The new US$124 million facility, called ‘the Honda Automotive Laboratories of Ohio” (HALO), is located at the independent Transportation Research Center in East Liberty, Ohio. According to Honda’s official press release, HALO has been designed for testing both aerodynamics and aeroacoustics.
When we consider the development of EVs — which is expected to accelerate over the next few years — both aerodynamics and aeroacoustics are incredibly important. Aerodynamic optimization can improve the highway range of EVs, while aeroacoustics dictate the ‘wind noise’ that would otherwise be drowned out by the engine and exhaust systems of gas-powered cars. “At the HALO facility, an array of microphones and cameras allow areas to pinpoint areas on a vehicle causing wind noise,” explained the release.

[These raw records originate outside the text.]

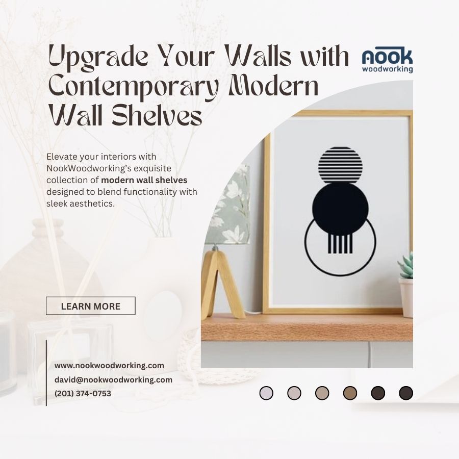 Elevate your interiors with NookWoodworking’s exquisite collection of modern wall shelves designed to blend functionality with sleek aesthetics. Crafted from premium hardwoods with hidden bracket mounting, these floating shelves offer a minimalist and timeless solution to organizing and decorating any space. Perfect for living rooms, kitchens, or offices, their clean lines and versatile designs enhance any modern décor. Whether used for displaying art, books, or plants, these shelves maximize wall space while adding natural warmth and elegance. Upgrade walls with a practical yet stylish storage solution crafted with expert care and attention to detail.
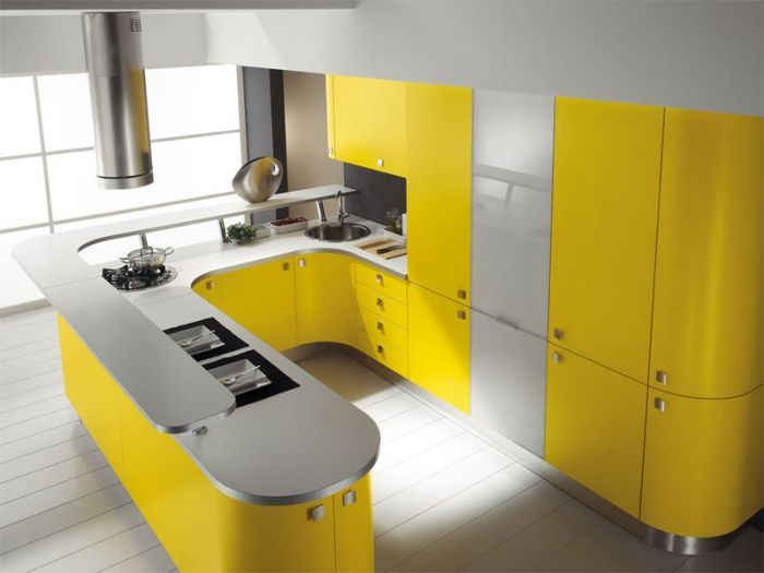 .Кухня «Иголия» в стиле хай-тек покорит сердца многих своей экзотичностью и оригинальностью. Она всегда будет выглядеть нарядно, создавая веселую и радостную обстановку. Все элементы ее дизайна необычны и стильны. Во-первых, это серая полка с закругленными углами, крепящаяся к столешнице. Во-вторых, прекрасно гармонирующая с остальным интерьером вытяжка того же оттенка, которой мы можем укомплектовать, если вы захотите. И завершат эту невероятную композицию полукруглые (радиусные) эмалированные фасады яркого желтого цвета. Угловая конфигурация с островом сэкономит много места и сможет вписаться даже в небольшую комнату.
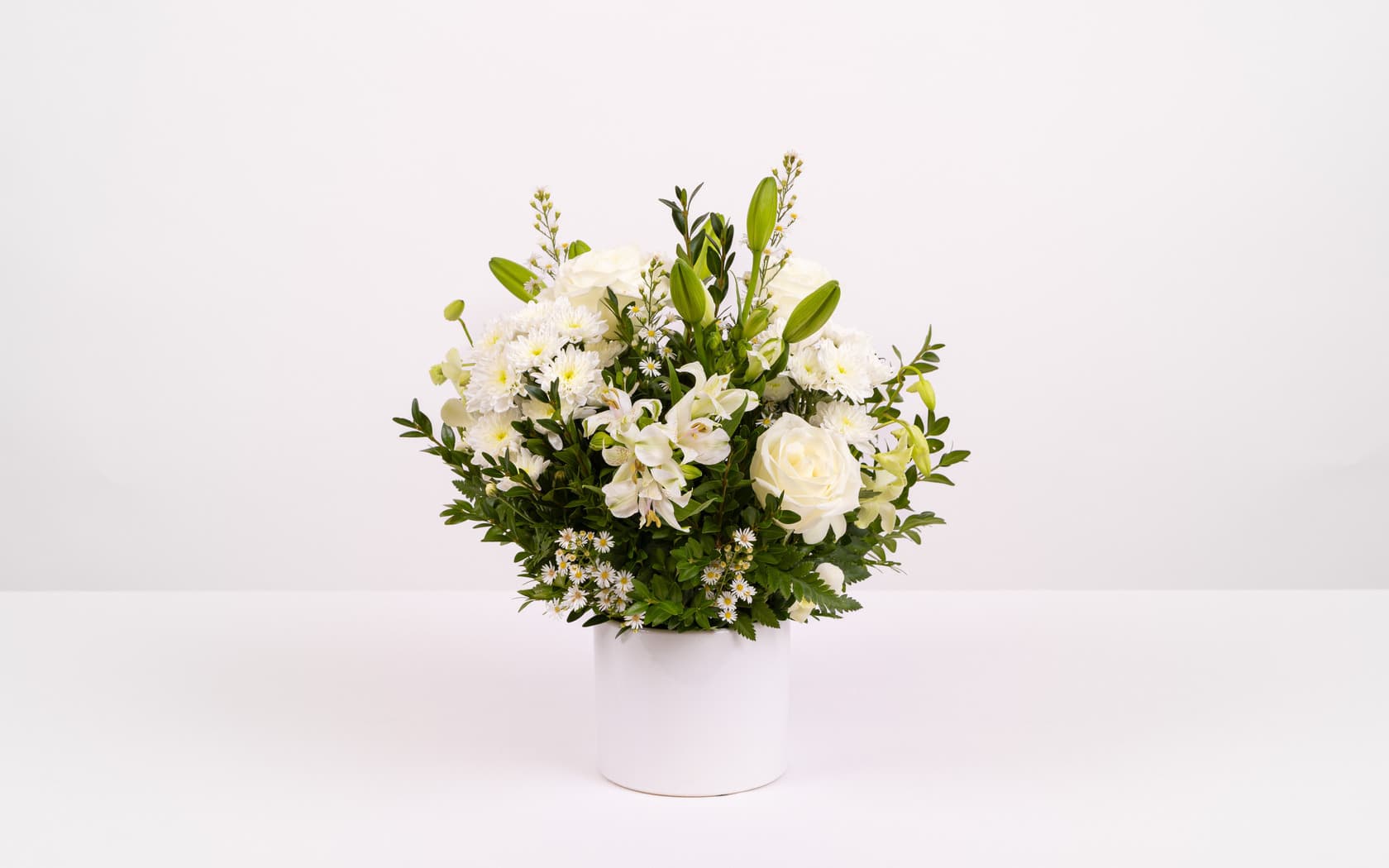 An arrangement in a ceramic vase for a gift or to display at graveside, featuring white flowers such as roses, orchids and lillies. An arrangement in a vase is a perfect floral tribute either for a funeral or a memorial service, or to give as a gift in sympathy. This small vase arrangement is made up of white flowers that convey sympathy, innocence and elegance.
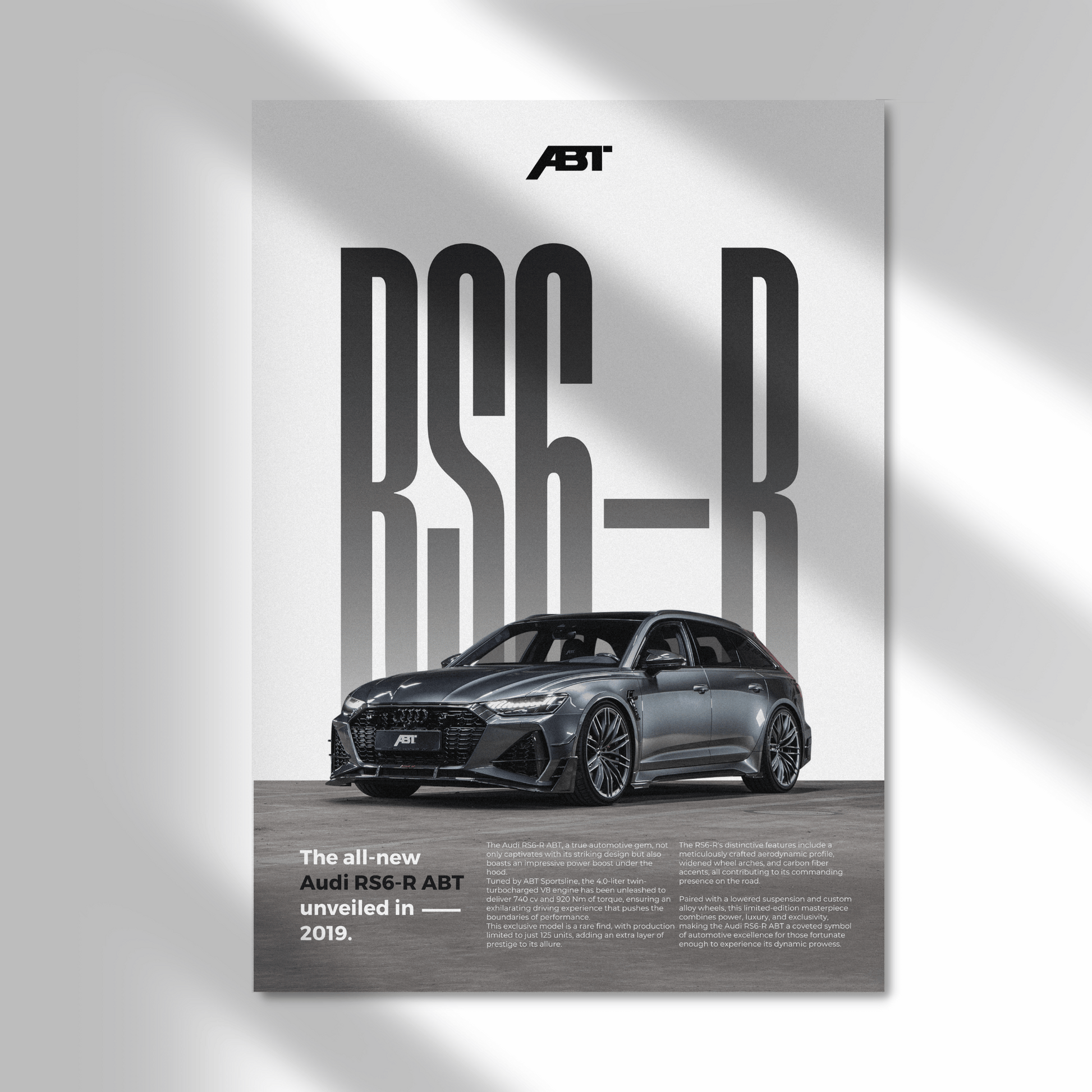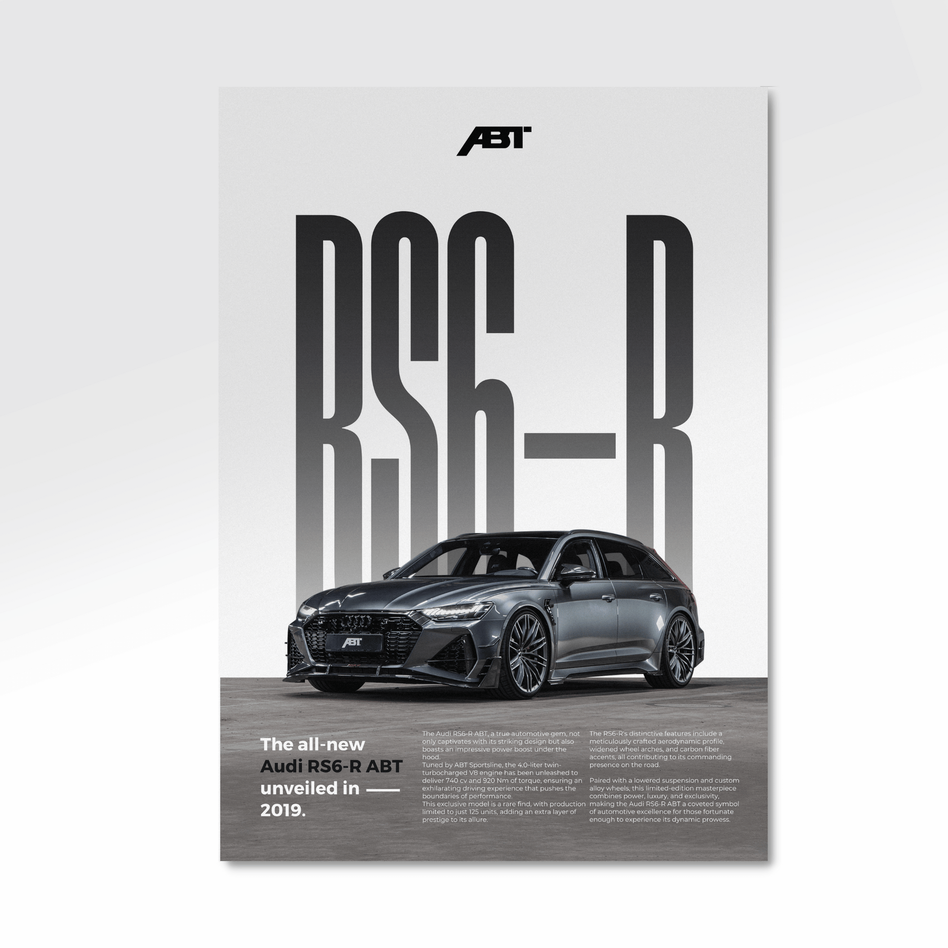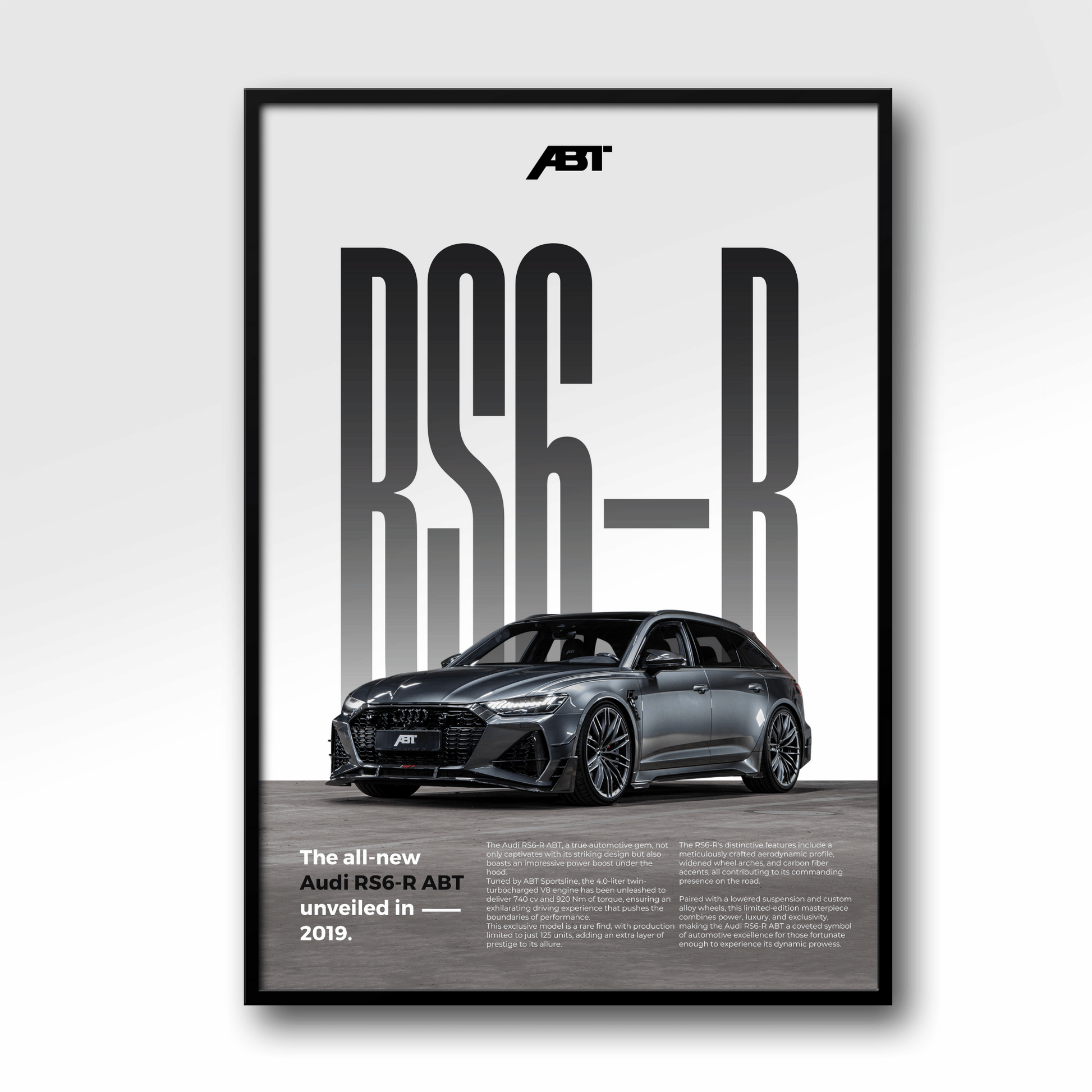 Affichez votre passion pour l'automobile avec ce magnifique poster de Audi RS6-R ABT en édition Classique.

For reference, the wind tunnel uses a single 26-foot fan with 12 carbon fibre blades and is powered by a 6,700-horsepower electric motor that spins at up to 250 rpm. At that rpm, it creates wind speeds of more than 305 km/h. Honda plans to completely phase out gas-powered vehicles from its North American lineup by 2040. Those cars will reportedly be replaced by a combination of battery-electric and hydrogen fuel cell vehicles.
By 2030, Honda expects 40 per cent of its sales to be represented by battery-electric and hydrogen fuel-cell vehicles — a number which they expect to increase to 80 per cent by 2035.